Good Hash Function for Strings

432,017

Solution 1

Usually hashes wouldn't do sums, otherwise stop and pots will have the same hash.

and you wouldn't limit it to the first n characters because otherwise house and houses would have the same hash.

Generally hashs take values and multiply it by a prime number (makes it more likely to generate unique hashes) So you could do something like:

int hash = 7;
for (int i = 0; i < strlen; i++) {
    hash = hash*31 + charAt(i);
}

Solution 2

If it's a security thing, you could use Java crypto:

import java.security.MessageDigest;

MessageDigest messageDigest = MessageDigest.getInstance("SHA-256");
messageDigest.update(stringToHash.getBytes());
String stringHash = new String(messageDigest.digest());

Solution 3

You should probably use String.hashCode().

If you really want to implement hashCode yourself:

Do not be tempted to exclude significant parts of an object from the hash code computation to improve performance -- Joshua Bloch, Effective Java

Using only the first five characters is a bad idea. Think about hierarchical names, such as URLs: they will all have the same hash code (because they all start with "http://", which means that they are stored under the same bucket in a hash map, exhibiting terrible performance.

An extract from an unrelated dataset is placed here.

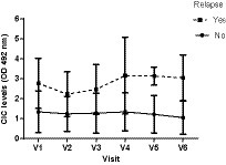 Los perros que experimentaron recaída tuvieron niveles significativamente más altos de CIC en comparación con los perros que no experimentaron recaída (p < 0,0001) (Figura 13); estos se elevaron de manera constante en todas las visitas (DO > 2) (Figura 13).

Here's a war story paraphrased on the String hashCode from "Effective Java":

The String hash function implemented in all releases prior to 1.2 examined at most sixteen characters, evenly spaced throughout the string, starting with the first character. For large collections of hierarchical names, such as URLs, this hash function displayed terrible behavior.

Solution 4

If you are doing this in Java then why are you doing it? Just call .hashCode() on the string

Solution 5

Guava's HashFunction (javadoc) provides decent non-crypto-strong hashing.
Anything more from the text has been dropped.